Maxime lo giudica, ma anche lui si innamorerà di Melodie
(l'adorabile Solène Rigot), una giovanissima aspirante giornalista.
Un
amore tenuto nascosto ma vissuto con grande passione, finché Melodie
non sparisce nel nulla troncando ogni rapporto....
Una
storia d'amor fou molto fuori dagli schemi cinematografici classici,
lui rockettaro fuori tempo massimo, goffo e con pochi lunghissimi
capelli, lei adolescente di una bellezza semplice e molto naturale.

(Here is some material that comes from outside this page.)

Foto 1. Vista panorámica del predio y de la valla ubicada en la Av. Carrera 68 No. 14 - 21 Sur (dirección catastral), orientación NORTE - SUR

Insieme si abbandona ad una passione genuina che il regista inquadra
senza troppi filtri, quasi a sottolineare il contrasto armonioso tra
il corpo chiaro e giovane di lei e quello sgraziato di lui.
Si
parte con toni leggeri, quasi da commedia indipendente, incarnati
soprattutto dal personaggio del padre con il suo bizzarro cane
appassionato di poesia. Poi, quando l'amore si rivela in tutta la sua
rutalità, il dramma irrompe con sorprendente durezza, trasformando
la fiabesca Tonnerre in una prigione fredda e inospitale. Una visione
molto caustica dell'amore, e soprattutto della figura maschile,
rappresentata di volta in volta come debole, spietatamente egoista e
violenta. Molto bravi i due attori protagonisti. La regia è quasi
dardenniana.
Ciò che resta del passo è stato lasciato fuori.